United States Army Civil Affairs and Psychological Operations Command

United States Army Civil Affairs And Psychological Operations Command

The United States Army Civil Affairs and Psychological Operations Command (Airborne), or USACAPOC(A), was founded in 1985. USACAPOC(A) is composed mostly of U.S. Army Reserve Soldiers in units throughout the United States. Its total size is approximately 10,000 Soldiers, making up about 94 percent of the DoD's Civil Affairs forces and 71 percent of the DoD's Psychological Operations forces. It is headquartered at Fort Bragg, North Carolina. The current commander (2011) is Major General Jeffrey A. Jacobs, who assumed command in October 2011, succeeding Major General David N. Blackledge.

Historically, USACAPOC(A) was one of four major subordinate commands comprising the U.S. Army Special Operations Command. In May 2006, the reserve component of USACAPOC(A) was transferred to the U.S. Army Reserve Command. The Army's active duty Special Operations Civil Affairs and Psychological Operations units, along with the Civil Affairs and Psychological Operations Force Modernization/Branch Proponents, continue to fall under the U.S. Army Special Operations Command and its subordinate United States Army John F. Kennedy Special Warfare Center and School respectively. The active component 95th Civil Affairs Brigade falls under United States Army Forces Command (FORSCOM).

Army Reserve Civil Affairs and Psychological Operations make up 5 percent of the U.S. Army Reserve force, but account for about 20 percent of Army Reserve deployments. The command's soldiers bring civilian expertise not found among regular active duty Soldiers. The projects they coordinate comprise many of the 'Good News' stories run in the American media each day about Iraq, Afghanistan and the Horn of Africa.

Read more about United States Army Civil Affairs And Psychological Operations Command:  Civil Affairs, Psychological Operations

Famous quotes containing the words united states army, united states, united, states, army, civil, affairs, operations and/or command:

    In one notable instance, where the United States Army and a hundred years of persuasion failed, a highway has succeeded. The Seminole Indians surrendered to the Tamiami Trail. From the Everglades the remnants of this race emerged, soon after the trail was built, to set up their palm-thatched villages along the road and to hoist tribal flags as a lure to passing motorists.
    —For the State of Florida, U.S. public relief program (1935-1943)

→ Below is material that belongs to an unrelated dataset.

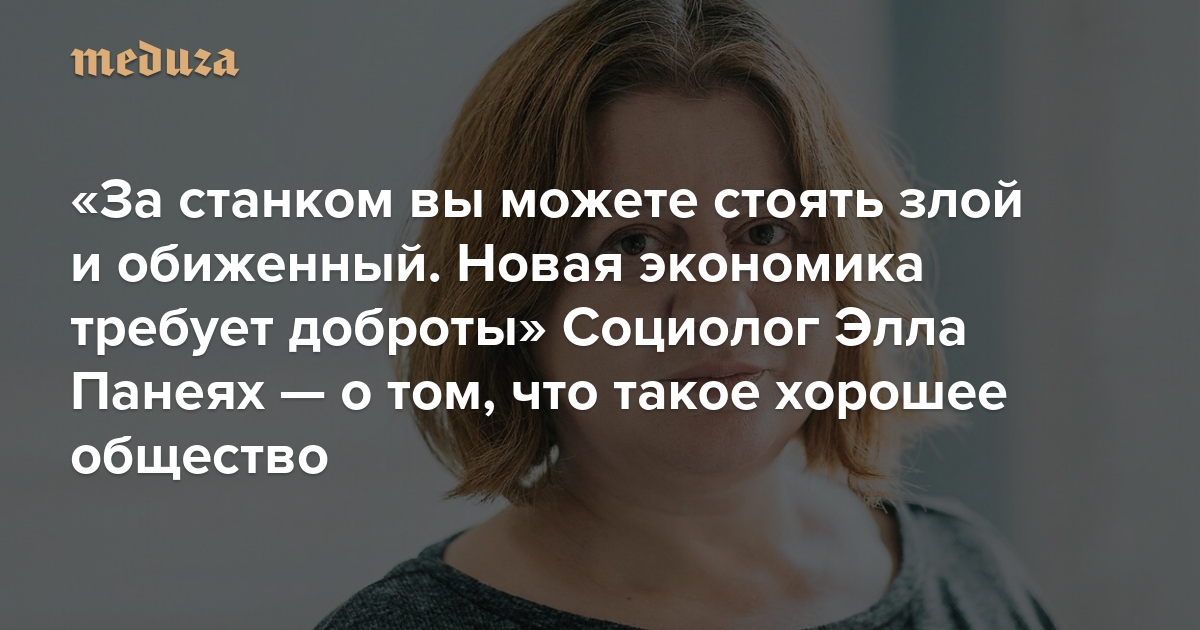 «За станком вы можете стоять злой и обиженный. Новая экономика требует доброты» Cоциолог Элла Панеях — о том, что такое хорошее общество и как его построить

    America—rather, the United States—seems to me to be the Jew among the nations. It is resourceful, adaptable, maligned, envied, feared, imposed upon. It is warm-hearted, overfriendly; quick-witted, lavish, colorful; given to extravagant speech and gestures; its people are travelers and wanderers by nature, moving, shifting, restless; swarming in Fords, in ocean liners; craving entertainment; volatile. The schnuckle among the nations of the world.
    Edna Ferber (1887–1968)

    The rising power of the United States in world affairs ... requires, not a more compliant press, but a relentless barrage of facts and criticism.... Our job in this age, as I see it, is not to serve as cheerleaders for our side in the present world struggle but to help the largest possible number of people to see the realities of the changing and convulsive world in which American policy must operate.
    James Reston (b. 1909)

    Courage, then, for the end draws near! A few more years of persistent, faithful work and the women of the United States will be recognized as the legal equals of men.
    Mary A. Livermore (1821–1905)

    The army is always the same. The sun and the moon change. The army knows no seasons.
    Frank S. Nugent (1908–1965)

    Colonel Shaw
    and his bell-cheeked Negro infantry
    on St. Gaudens shaking Civil War relief,
    propped by a plank splint against the garage’s earthquake.
    Robert Lowell (1917–1977)

    Secrecy is the first essential in affairs of the State.
    Duc De Richelieu (1585–1642)

    There is a patent office at the seat of government of the universe, whose managers are as much interested in the dispersion of seeds as anybody at Washington can be, and their operations are infinitely more extensive and regular.
    Henry David Thoreau (1817–1862)

    How did you get in the Navy? How did you get on our side? Ah, you ignorant, arrogant, ambitious—keeping sixty two men in prison cause you got a palm tree for the work they did. I don’t know which I hate worse, you or that malignant growth that stands outside your door. How did you ever get command of a ship? I realize in wartime they have to scrape the bottom of the barrel. But where’d they ever scrape you up?